TrainedMonkey · on Jan 14, 2015

While potentially more efficient than bogosort for larger input size, this sorting algorithm has a serious limitation. I am of course talking about being limited to 140 characters per tweet. This seriously restricts maximum input size you can sort, which in turn severely cuts down on potential applications of this technology. Moreover, without deployed SAAS (sorting as a service) bot, algorithm is not deterministic which will complicate handling logic as you need to account for being forever alone without anyone to sort your numbers.

In short, I would advise against deploying this on production until technology is more mature.

Mahn · on Jan 14, 2015

Regarding maximum input size, I'm sure it can be forked to implement a tweet-sharding approach.

wging · on Jan 14, 2015

Merging of tweet shards is also possible via the same mechanism. Just tweeterate through the retrieved shards and merge them one by one. To merge two lists, compare elements pairwise. To compare elements pairwise, construct a two element list and sort this list via the short-form tweetsort api.

emmanueloga_ · on Jan 15, 2015

For sorting big lists of numbers mergesort could be used, only resorting to twittersort when the list of numbers is small enough [1]. In fact, that's the way mergesort is generally implemented (except the "cutoff" algorithm is usually insertionsort, not tweetsort :p).

1: http://en.wikipedia.org/wiki/Merge_sort#Optimizing_merge_sor...

jayp · on Jan 14, 2015

Sharding via a Tweet Storm(TM).

guelo · on Jan 14, 2015

In the sorting world it's called a bucket, not a shard.

afandian · on Jan 14, 2015

Where's your imagination? Three immediate solutions:

1 - gzip content to store in a tweet. You could squeeze more out.

2 - store the content in an image and standardize on an OCR library

3 - use twitlonger.com for larger messages

EDIT: Anyway I thought app.net was meant to solve all this?

lloeki · on Jan 14, 2015

OCR? dump the raw sequence as bytes and encode it into a valid PNG.

afandian · on Jan 14, 2015

The trouble is that some mobile ISPs compress images (as I found to my surprise). I know it should be sacrosanct, but you can't rely on the same bytes coming out the other end. I think OCR would be more robust.

Otherwise you're potentially ruling out mobile users.

anon4 · on Jan 14, 2015

Put your numbers in a pastebin, then post a link to the pastebin. Then, when you get the sorted numbers, post the sorted sequence in the original pastebin, thus creating a cloud-backed repository of sorted variants of number sequences. After that, you can check if your sequence is already on pastebin before asking twitter!

ant6n · on Jan 14, 2015

Maybe each comparison could be done via a tweet request.

danvayn · on Jan 14, 2015

Thank you, TrainedMonkey.

kra34 · on Jan 14, 2015

Hi, I'm with Google Corporate Development and I'd love to talk about your algorithm.

kovacs · on Jan 14, 2015

Welcome to the 2015 version of "first" on HN :-)

roehst · on Jan 14, 2015

anon4 · on Jan 14, 2015

Hi, I'm with Google Corporate Development and we'd like to talk about acquiring your company.

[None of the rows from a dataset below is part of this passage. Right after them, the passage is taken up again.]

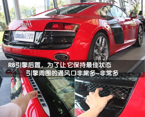 奧迪R8的駕駛艙相對靠前,而在駕駛艙之后則是巨大的引擎室——這是典型中置發動機賽車的特征,這種設計也大大優化了車身前后比例,使R8的前后重量分達到了44:56。透過R8后方透明的發動機罩,V10 5.2升FSI發動機安靜的伏臥其中。在設計師所營造的視覺效果下,人們很容易把它與賽車聯系在一起。即便在一個不了解賽車的人面前,也一定能從中看出它的與眾不同和獨一無二。
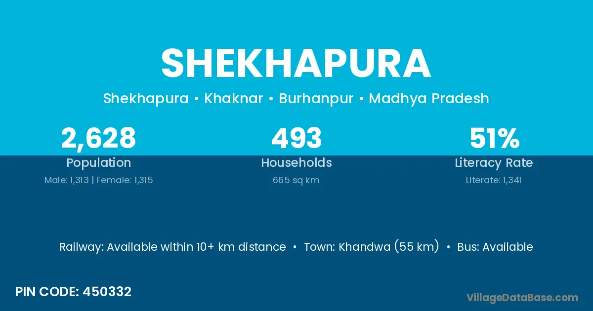 Khandwa (55 km) is the nearest town to Shekhapura village for major economic activities and is located approximately 55 km away.
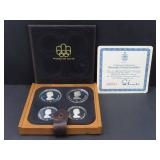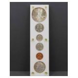 COINS & STAMPS: 1990 Liberty Dollar, 1965 Half, Quarter, Dime, Nickel, Penny; 1915 & 1976 Circulated Coin Sets; US Mint Uncirculated Coin Sets; Steel Pennies; Wheat Pennies; Buffalo Nickels; 38 Mercury Dimes; 65 Pre-1964 Roosevelt Dimes; 1977, 1977 US Mint Proof Sets (1977, 82, 83, 84, 85); 1971 Eisenhower Uncirculated Silver Dollar; 1986 Liberty Silver Dollar; 1972 Canada Olympic Coin Proof Set; Washington Quarter Collector Books; 1925 Standing Liberty Quarter; Farmers and Drovers Bank Bag; Foreign Currency; Stamps (Baseball, Olympics, Elvis, Rock N Roll, Joe Louis, US Stamp Collecting Albums, Animals, World at War, Wildlife, First Day of Issue Stamps);
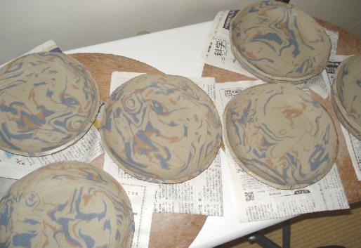 来週は陶芸クラブがあるので何か作るべえということでお皿を作ることにした。白い粘土に青と茶を混ぜてマーブル模様に挑戦だ。けっこうキレイに出た。 ふちをまだ整えていない。半乾きくらいでやらないと・・・あんまり高度な、プロみたいな出来をのぞまないで楽しく笑って作る方がいいんじゃないかな。というのが今日のキモチです。もうひとつ 大どんぶりも作った。球を半分に切ったような形なので底が丸いです。3つ足を付けるべきだけど、このままにしてドーナツ型の座布団にのせよっと。

gkoberger · on Jan 14, 2015

If that turns out to be a bit slow, there's always StackSort:

http://gkoberger.github.io/stacksort

siliconc0w · on Jan 14, 2015

This is terrible programming - better to generalize it as a decorator so you can use twitter for any method.

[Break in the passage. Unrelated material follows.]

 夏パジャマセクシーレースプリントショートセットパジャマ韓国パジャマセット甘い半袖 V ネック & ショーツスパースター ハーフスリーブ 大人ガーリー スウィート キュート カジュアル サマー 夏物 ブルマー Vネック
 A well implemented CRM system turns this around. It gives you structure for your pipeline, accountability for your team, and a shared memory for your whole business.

misiti3780 · on Jan 14, 2015

cut him some slack - he is only 16 years old

_0nac · on Jan 14, 2015

This is almost, but not quite, as cool as the WikiClock.

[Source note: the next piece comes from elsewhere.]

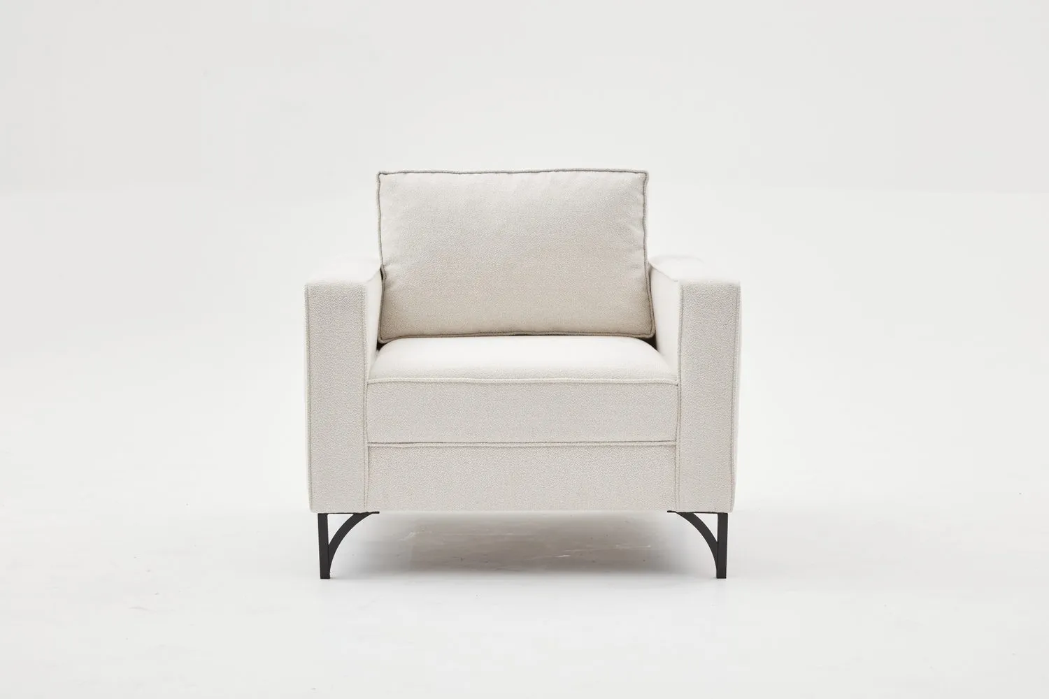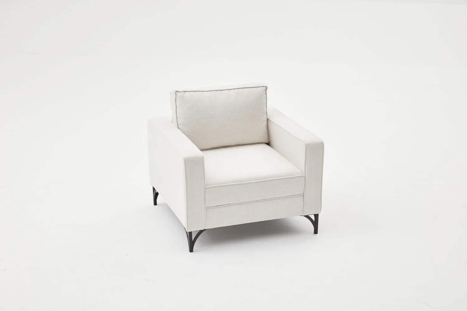 Ürün Ölçüleri: Genişlik : 90 cm Yükseklik : 83 cm Sırt Yükseklik : 43 cm Derinlik : 91 cm Oturum Derinliği : 60 cm Ayak Yüksekliği : 13 cm Oturum Yüksekliği : 40 cm Kol Kalınlığı : 14 cm İç Genişlik (Kollar Hariç) : 60 cm Ürün Özellikleri: Kumaş : Dokuma Buklet, %100 PES kumaş.; Sünger : 15 cm 28 DNS Soft Sünger; sırt dolguları kırpıntı sünger ve boncuk elyaf karışım Ayak : Metal Statik Siyah Dokulu Boya ayaklar kullanılmıştır.; İskelet :Doğal kayın kereste ile panel malzemelerden geçme ve vidalama sistemleriyle üretilmektedir.; Uygunluk : Çevre ve çocuk sağlığına uygun malzemeler ile üretilmiştir.; Paket : Mobilya ambalajı ile paketlenmiş ve toz girmesini önleyici ince naylon ile korunmuştur.; Paket Adet : Ürün 1 paket olarak gönderilmektedir.; Kurulum : Ürünün sadece ayakları demonte olarak gönderilmektedir.; Montaj : Ürün ayaklarını şarjlı tornavida ile monte edebilirsiniz.; İçerik : Ayaklar ve bağlantı elemanları ürün paketinden çıkmaktadır.; Ürün Değişimi ve İade Koşulları: Ürünü size gönderilen sevk irsaliyesi ile birlikte gönderin.; Ürün iadesinin kabul edilmesi için; Ürünün orijinal kutusu/ambalajı bozulmamış, hasarsız, eksiksiz, tekrar satılabilir özelliğini kaybetmemiş olması gerekmektedir.; Aksi durumlar için ürün zarar bedeli satın almış olduğunuz satış platformu yetkilisine bildirilecektir.; Ürünlerin size sağlam bir şekilde ulaşmasında paketleme standartları çok önemlidir.; Lütfen ürünü iade etmeden önce eğer ürünü paketinden çıkarmışsanız aynı standartta yeniden paketleyiniz.; Bütün standart aksesuarları hasarsız ve tam olarak orijinal paketleri ile birlikte gönderilmelidir.; Kurulum ve montajı yapılan ürünler için kesinlikle iade işlemi yapılamamaktadır.; Önemli Uyarı:Siparişinizi teslim alırken lütfen kontrol ediniz pakette herhangi bir hasar görürseniz kargo görevlisine hasar tespit tutanağı tutturunuz.; İade ve değişim kuralları gereği hasar tespit tutanağı tutulmadan sipariş iptali yapılan paketlerin iadeleri kabul edilmemektedir

http://pageoftext.com/wikiclock

stonewhite · on Jan 14, 2015

I do believe this may have a worse average case performance than sleepsort.

https://dis.4chan.org/read/prog/1295544154

abalone · on Jan 14, 2015

The trick is the algorithm makes extensive use of lazy evaluation.

Mahn · on Jan 14, 2015

I wonder what's the efficiency of this algorithm in O notation on average.

coreyja · on Jan 14, 2015

As tansey said Big-O for the worst case would be O(inf), Best case is O(1), if n is the length of the list, because if the sort returns the speed is independent of the size of the list. The average case is a little harder, but based on the 140 character limit someone else mentioned, I would say that the average case would be O(inf) cause on average it probably wouldn't correctly sort the list.

pliny · on Jan 14, 2015

The speed is definitely not independent of the size since you still have to write a string of size O(n).

moe · on Jan 14, 2015

The probability of the original input list being in the exact order it's in is 1/(n!). If that's the order you wanted then the algorithm might very well approach O(0).

on Jan 14, 2015

[deleted]

btilly · on Jan 14, 2015

Big-O notation refers to the worst case runtime of an algorithm.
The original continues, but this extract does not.